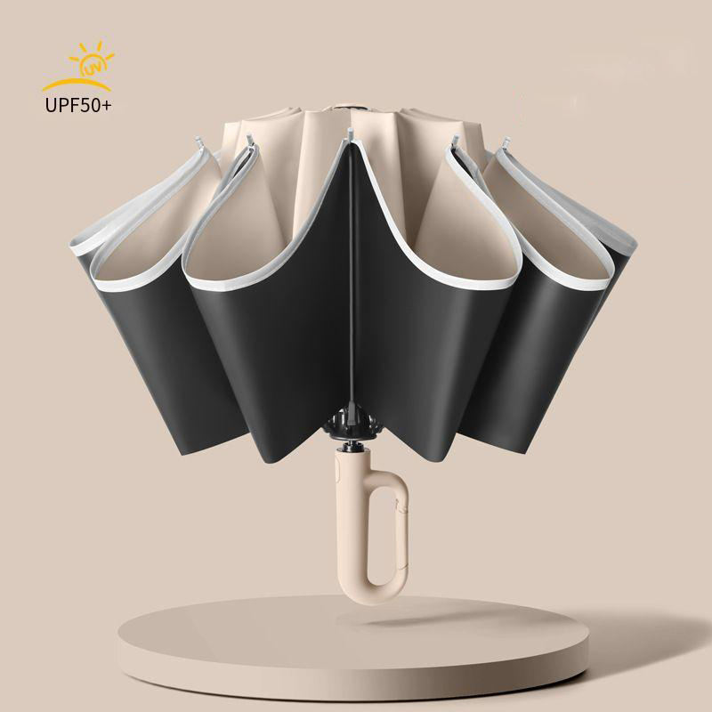 Haut de gamme 10 os anneau boucle automatique parapluie grande taille renforcé épaissi hommes femmes soleil pluie inverse cadeaux d'affaires
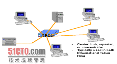 由于中央节点要与多机连接,线路较多,为便于集中连线,目前多采用一种成为集线器(HUB)或交换设备的硬件作为中央节点。目前一般网络环境都被设计成星型拓朴结构。星型网是目前广泛而又首选使用的网络拓朴设计之一。
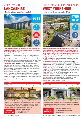 HOLIDAY       • Hotel with Leisure Facilities.         HOLIDAY       •  Live Entertainment each evening.               HOLIDAY       • Emmerdale Country.                     HOLIDAY       • Traditional Christmas lunch.
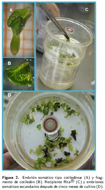 Después de los 30 d, todos los tratamientos fueron similares, mostrando escasa formación de embriones somáticos (ESO). Sin embargo, a los 120 d el tratamiento correspondiente a fragmentos de cotiledón fue estadísticamente superior al resto de los tratamientos con 26 ESO, mientras que con el tratamiento en recipiente Magenta sólo se obtuvieron ocho ESO. Al final del experimento, los cultivos en el sistema de inmersión temporal Rita® fueron estadisticamente superiores al testigo (Magenta®), en tanto que en el sitema Rita® se tuvieron 30 ESO generados con fragmentos de cotiledón y 29 ESO en cotiledones completos, produciéndose por explante en promedio tres ESO.
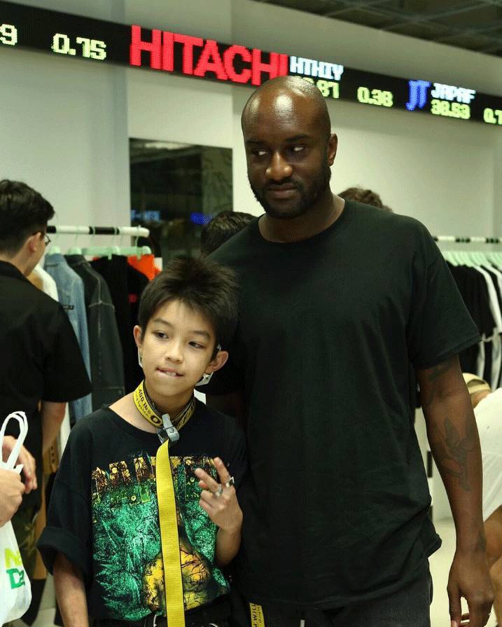 $ A6 g3 o% D2 m8 H% q; s而这根腰带就来自潮牌OFF-WHITE,这个牌子的东京门店开幕时,品牌主理人Virgil Abloh还主动和Yoshi小朋友合影。' G/ x. m: @* j) e3 `$ b5 y
========
◆ **What you should do**: Please return only the lines from the one holding "Después de los" through the end of the data, both ends included; do not copy any pictures.

◆ **Worked solution**:
 Después de los 30 d, todos los tratamientos fueron similares, mostrando escasa formación de embriones somáticos (ESO). Sin embargo, a los 120 d el tratamiento correspondiente a fragmentos de cotiledón fue estadísticamente superior al resto de los tratamientos con 26 ESO, mientras que con el tratamiento en recipiente Magenta sólo se obtuvieron ocho ESO. Al final del experimento, los cultivos en el sistema de inmersión temporal Rita® fueron estadisticamente superiores al testigo (Magenta®), en tanto que en el sitema Rita® se tuvieron 30 ESO generados con fragmentos de cotiledón y 29 ESO en cotiledones completos, produciéndose por explante en promedio tres ESO.
 $ A6 g3 o% D2 m8 H% q; s而这根腰带就来自潮牌OFF-WHITE,这个牌子的东京门店开幕时,品牌主理人Virgil Abloh还主动和Yoshi小朋友合影。' G/ x. m: @* j) e3 `$ b5 y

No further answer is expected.